Instructions for the task: Below are entries; repeat exactly, and nothing else, the lines from the one holding "Cocina integrada con" through the one holding "这些玻璃制品看起来像普通人家", inclusive. Leave the pictures out.

Excerpted data:
++++

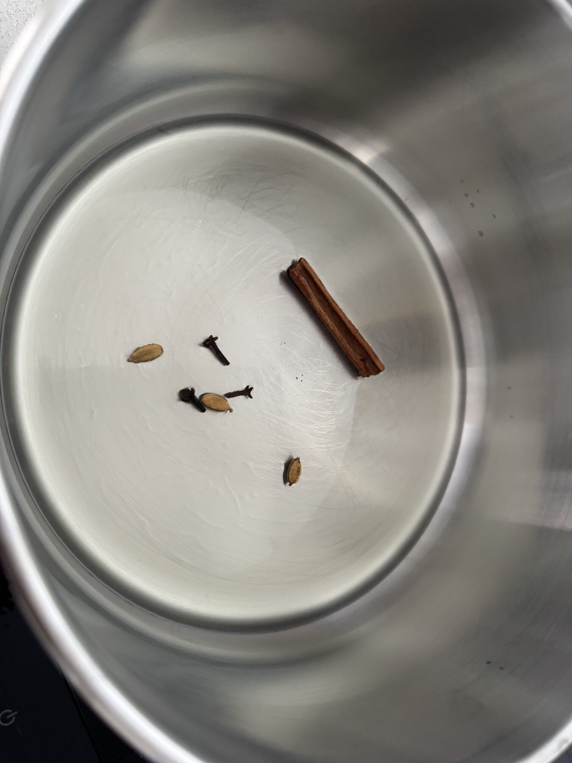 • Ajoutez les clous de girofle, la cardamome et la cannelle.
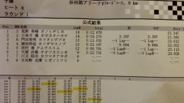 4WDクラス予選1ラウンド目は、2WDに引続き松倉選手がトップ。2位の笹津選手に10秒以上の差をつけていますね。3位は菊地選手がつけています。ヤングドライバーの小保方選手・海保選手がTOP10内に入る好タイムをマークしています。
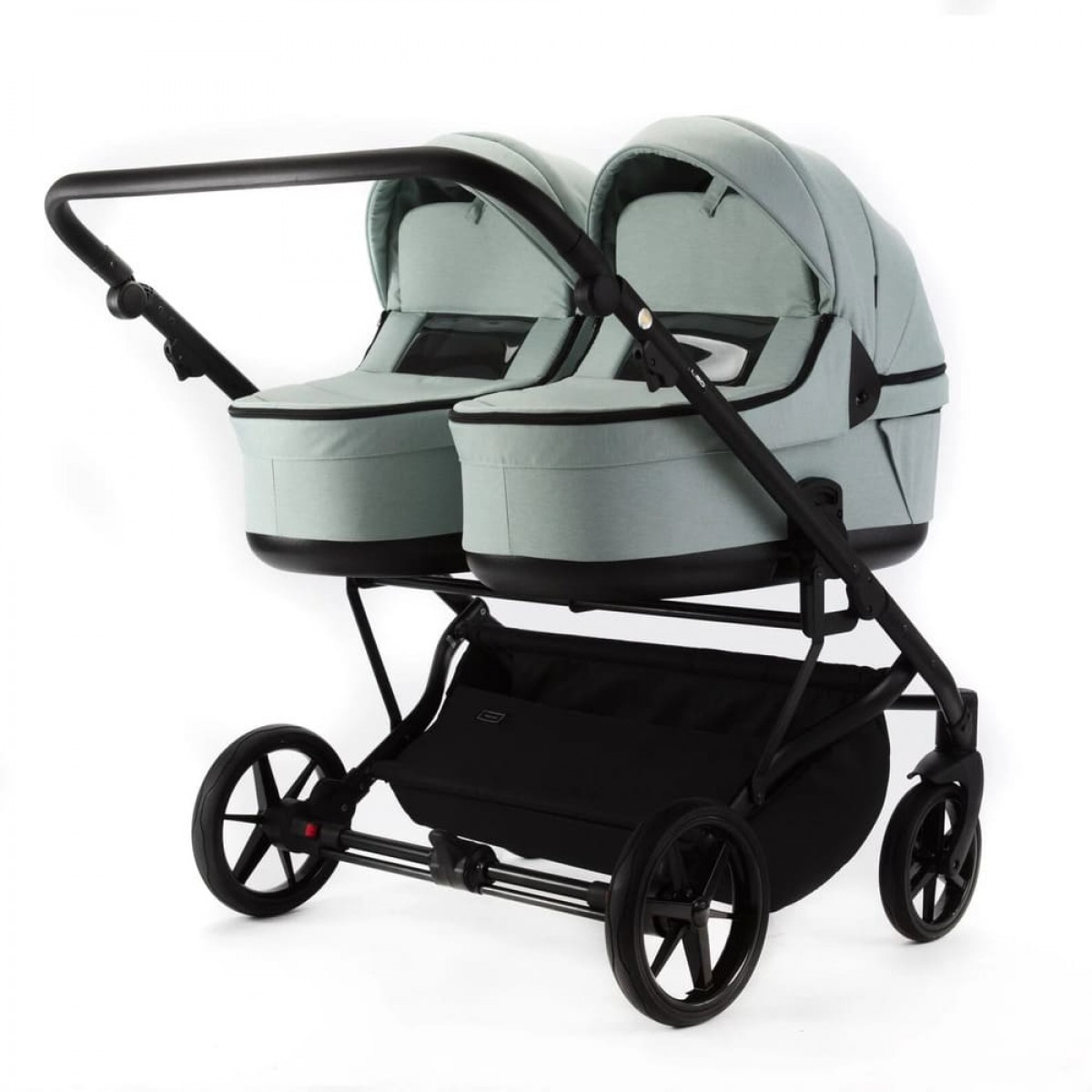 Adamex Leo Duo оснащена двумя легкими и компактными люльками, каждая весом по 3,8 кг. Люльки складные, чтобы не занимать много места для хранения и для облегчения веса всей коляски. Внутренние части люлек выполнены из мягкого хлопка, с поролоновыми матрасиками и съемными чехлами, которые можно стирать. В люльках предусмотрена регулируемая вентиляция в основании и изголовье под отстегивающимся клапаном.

++++

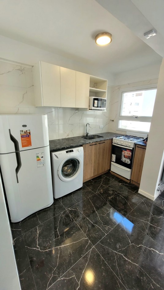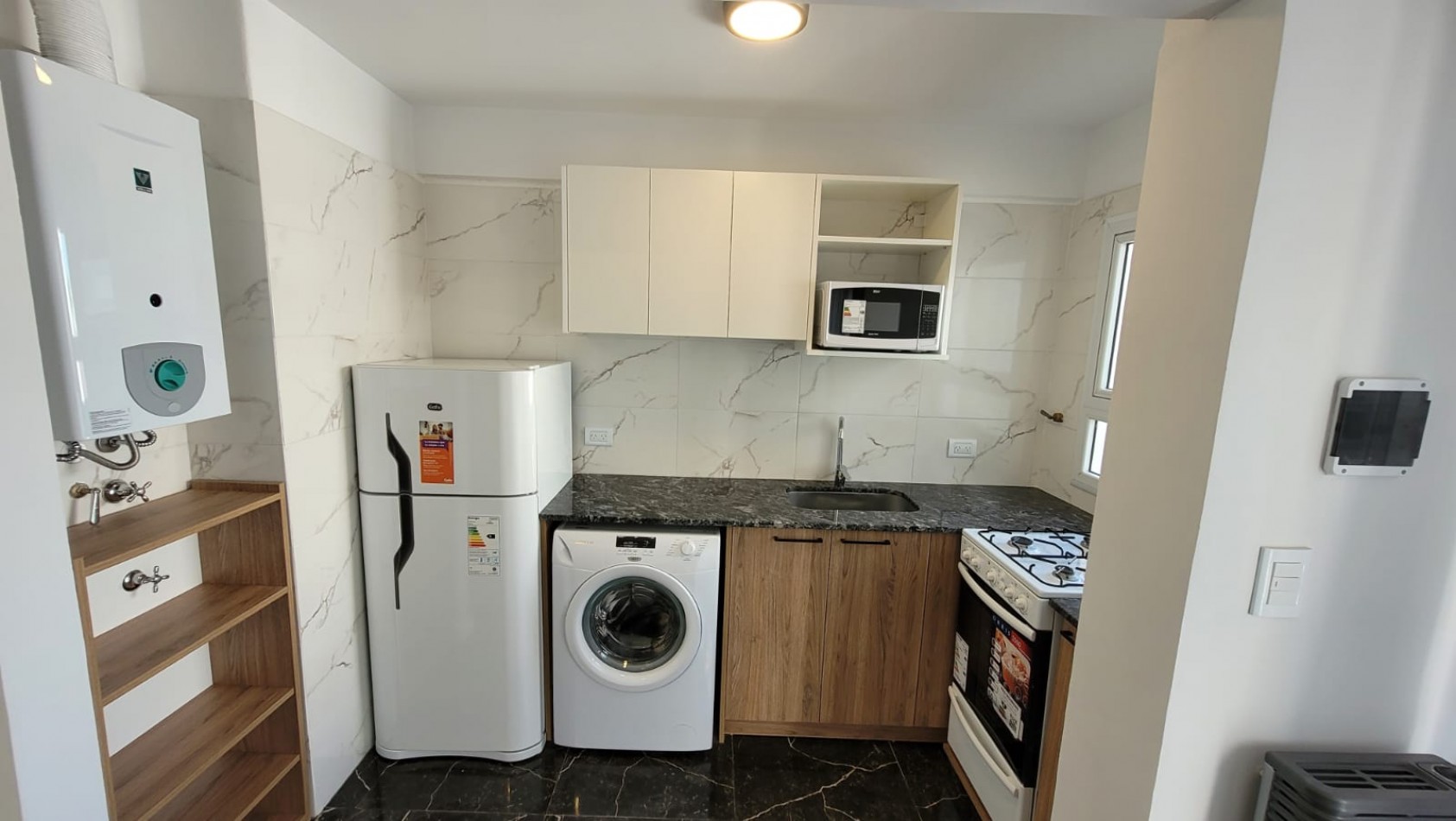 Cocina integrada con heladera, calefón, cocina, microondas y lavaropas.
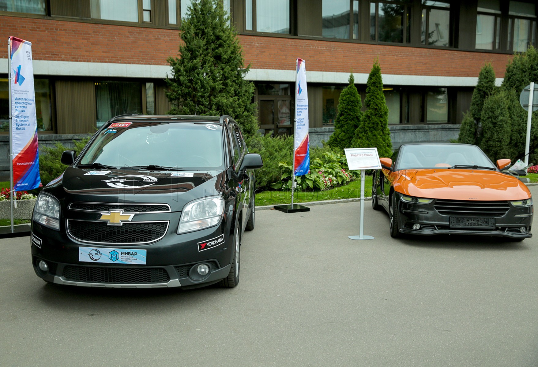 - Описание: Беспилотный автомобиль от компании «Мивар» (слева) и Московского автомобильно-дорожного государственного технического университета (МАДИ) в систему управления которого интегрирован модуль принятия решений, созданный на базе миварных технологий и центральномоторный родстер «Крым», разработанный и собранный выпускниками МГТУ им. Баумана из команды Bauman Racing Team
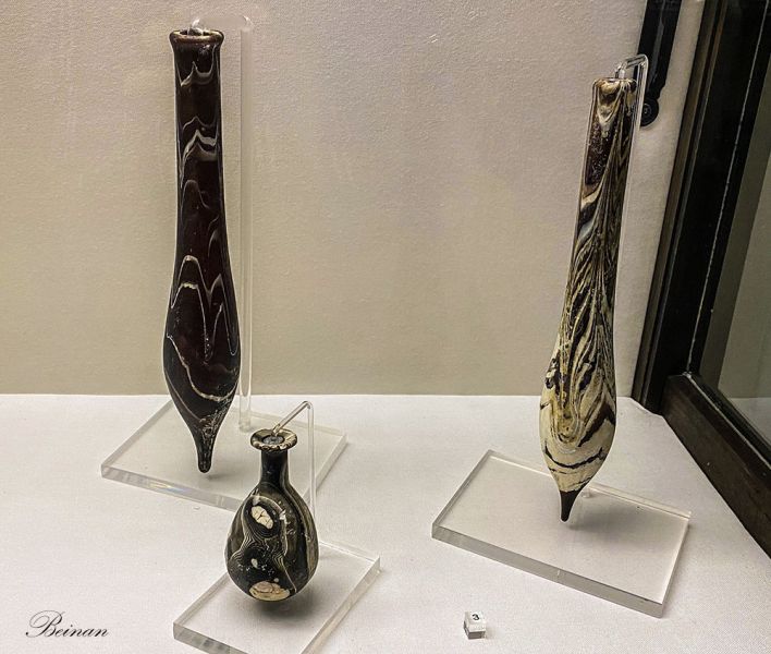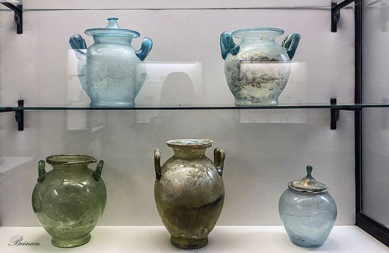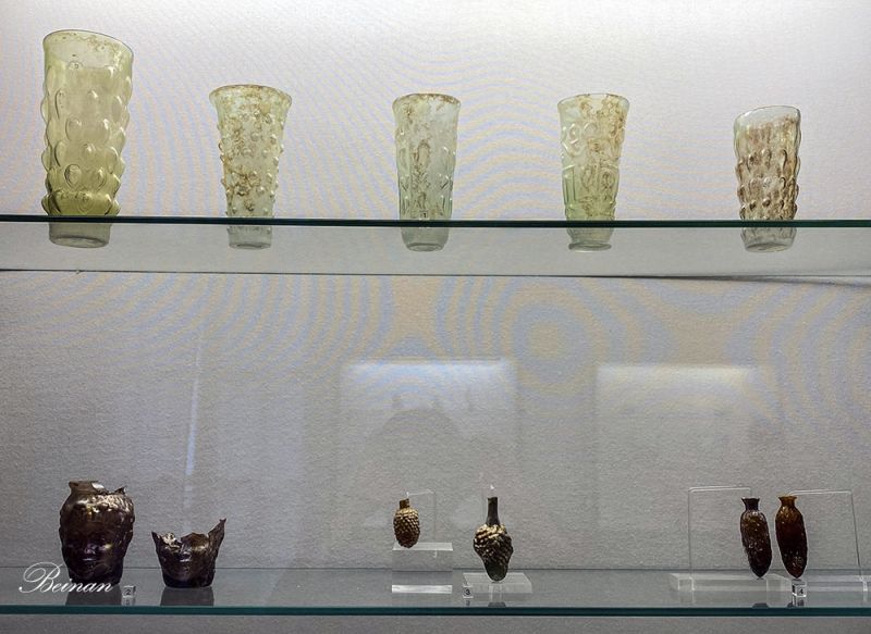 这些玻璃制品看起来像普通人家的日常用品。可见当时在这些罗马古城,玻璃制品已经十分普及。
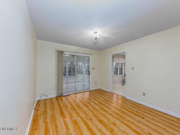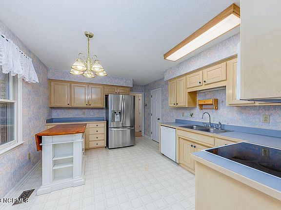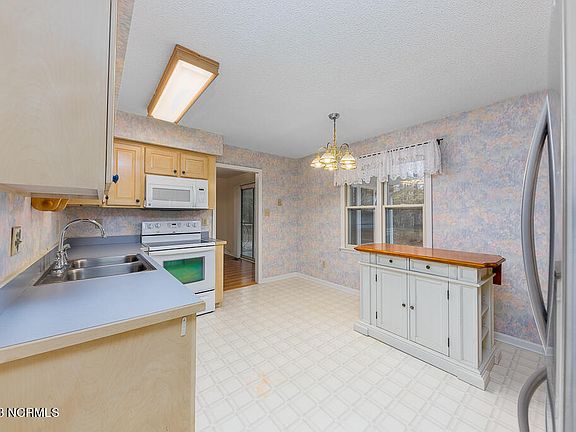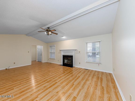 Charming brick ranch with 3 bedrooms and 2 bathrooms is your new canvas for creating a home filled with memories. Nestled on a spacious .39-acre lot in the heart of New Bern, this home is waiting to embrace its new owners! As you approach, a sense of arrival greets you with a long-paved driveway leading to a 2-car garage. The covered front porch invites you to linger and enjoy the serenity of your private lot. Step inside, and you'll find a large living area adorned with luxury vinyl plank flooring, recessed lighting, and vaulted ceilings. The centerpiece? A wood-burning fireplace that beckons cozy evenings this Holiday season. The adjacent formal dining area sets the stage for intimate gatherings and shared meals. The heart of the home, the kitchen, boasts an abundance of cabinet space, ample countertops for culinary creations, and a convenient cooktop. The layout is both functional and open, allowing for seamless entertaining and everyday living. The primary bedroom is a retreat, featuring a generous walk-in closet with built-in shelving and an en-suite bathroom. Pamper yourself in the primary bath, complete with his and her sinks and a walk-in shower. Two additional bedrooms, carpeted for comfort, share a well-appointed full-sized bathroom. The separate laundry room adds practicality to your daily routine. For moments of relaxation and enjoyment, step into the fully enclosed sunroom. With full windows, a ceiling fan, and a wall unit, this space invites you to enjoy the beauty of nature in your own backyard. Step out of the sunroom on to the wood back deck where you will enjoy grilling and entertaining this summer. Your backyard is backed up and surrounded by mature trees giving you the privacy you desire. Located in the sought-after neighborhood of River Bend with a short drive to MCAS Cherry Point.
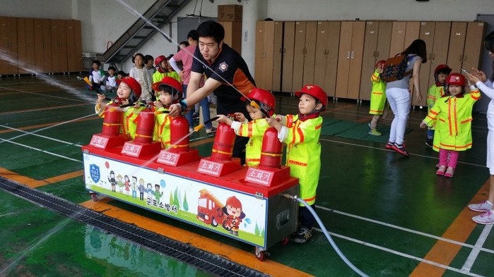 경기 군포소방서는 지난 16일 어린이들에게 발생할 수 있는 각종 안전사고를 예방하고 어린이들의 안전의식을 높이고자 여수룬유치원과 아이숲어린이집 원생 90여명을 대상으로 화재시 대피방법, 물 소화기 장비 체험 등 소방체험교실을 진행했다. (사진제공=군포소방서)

++++

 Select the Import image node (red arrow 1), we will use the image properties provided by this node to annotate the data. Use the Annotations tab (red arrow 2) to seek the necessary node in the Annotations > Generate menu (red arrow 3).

++++

Answer area:
 Cocina integrada con heladera, calefón, cocina, microondas y lavaropas.
 - Описание: Беспилотный автомобиль от компании «Мивар» (слева) и Московского автомобильно-дорожного государственного технического университета (МАДИ) в систему управления которого интегрирован модуль принятия решений, созданный на базе миварных технологий и центральномоторный родстер «Крым», разработанный и собранный выпускниками МГТУ им. Баумана из команды Bauman Racing Team
 这些玻璃制品看起来像普通人家的日常用品。可见当时在这些罗马古城,玻璃制品已经十分普及。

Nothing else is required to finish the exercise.